» **Your task**:
Only the lines from the one with "Amarpur Ghal village" through the end of the data below belong in the answer, restated word for word, pictures excluded.

» **Supplied material**:
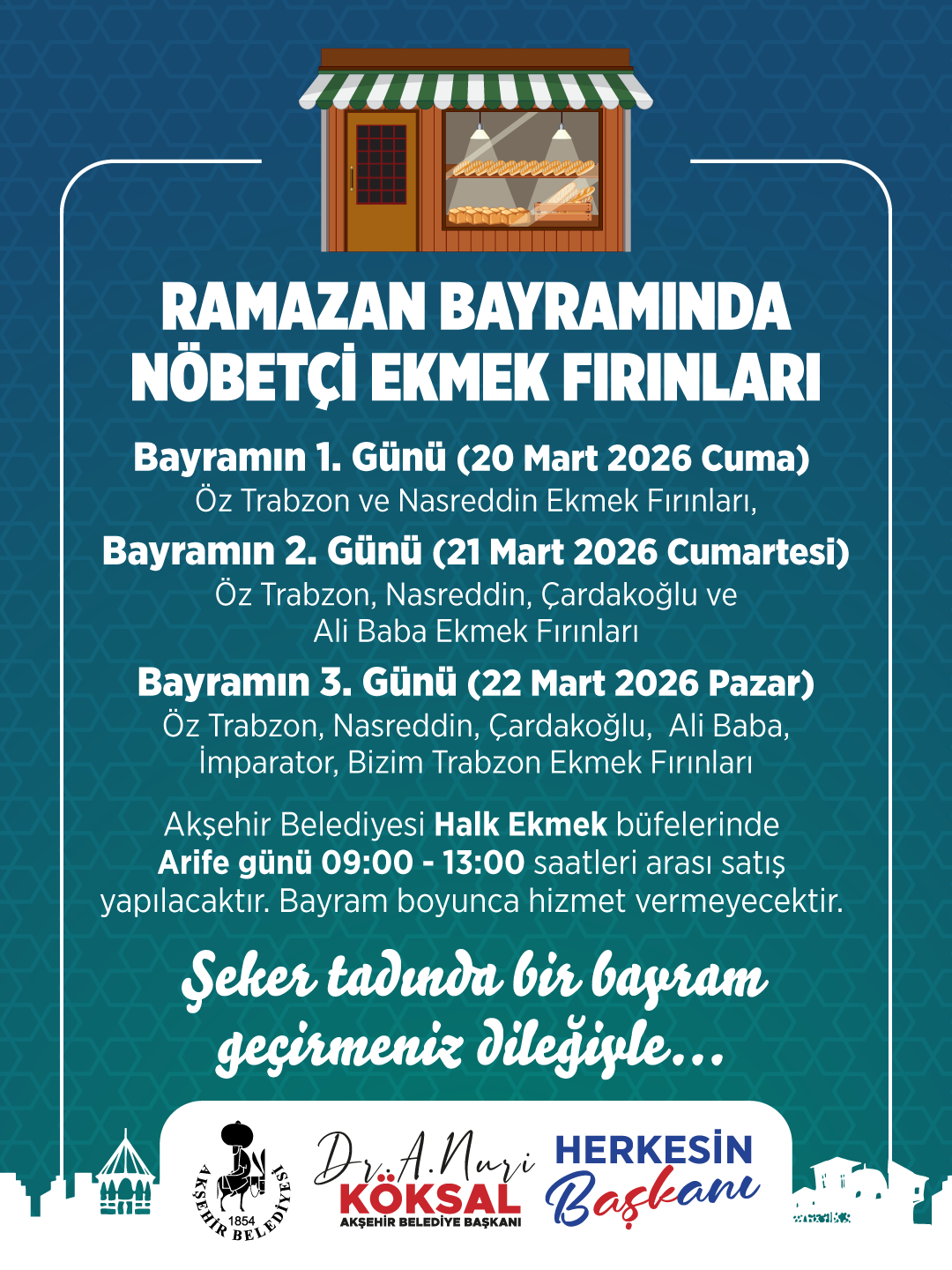 Akşehir Belediyesi, Ramazan Bayramı süresince vatandaşların ekmek ihtiyacını karşılayabilmesi için hizmet verecek olan nöbetçi fırın listesini yayımladı. Hazırlanan programa göre bayramın 1, 2 ve 3. günü şehrin farklı noktalarındaki fırınlar nöbetleşe çalışacak.
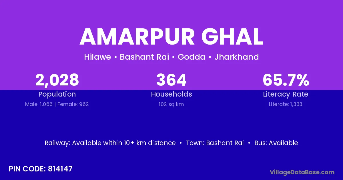 Amarpur Ghal village has a total population of 2,028 people, of which 1,066 are males and 962 are females.
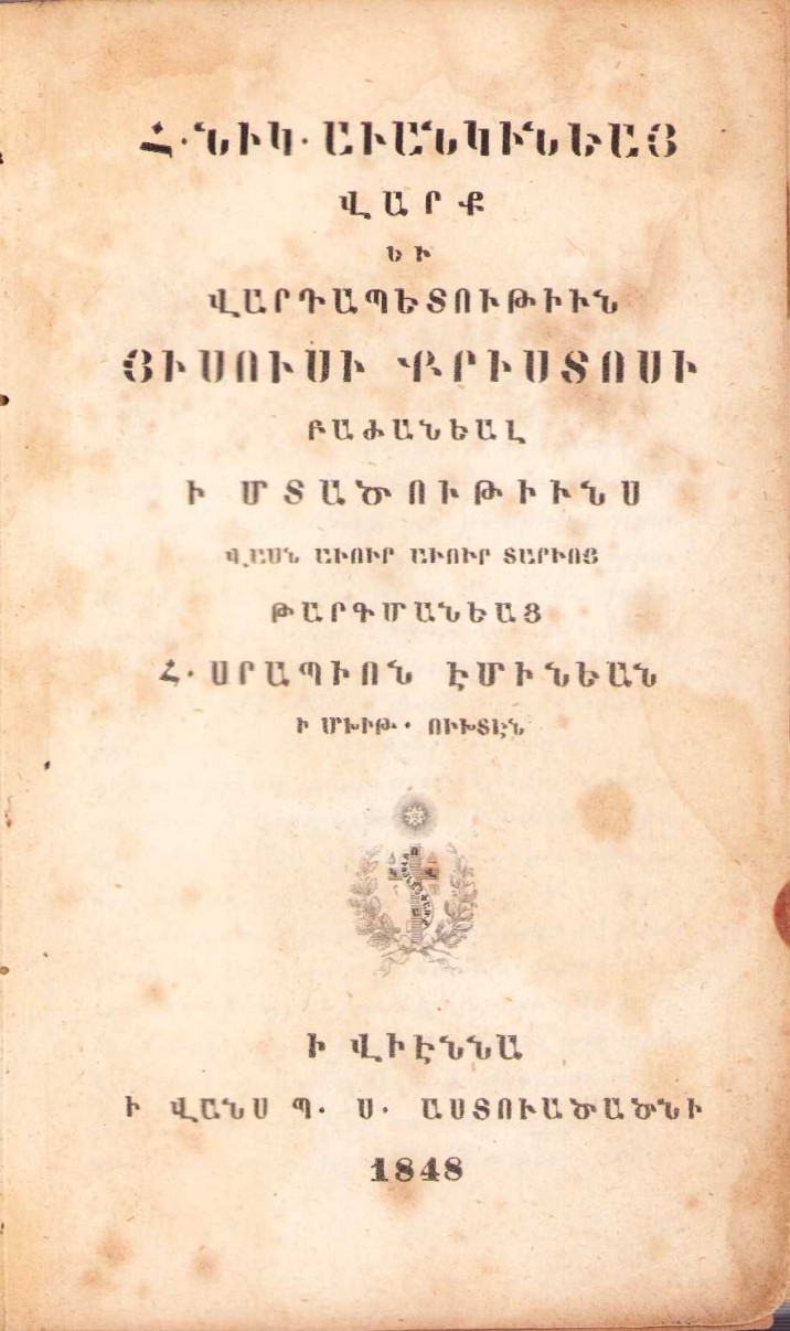 Ermenice kitap, 1848 tarihli, 655 sayfa, 8x13 cm.

» **Problem solution**:
 Amarpur Ghal village has a total population of 2,028 people, of which 1,066 are males and 962 are females.
 Ermenice kitap, 1848 tarihli, 655 sayfa, 8x13 cm.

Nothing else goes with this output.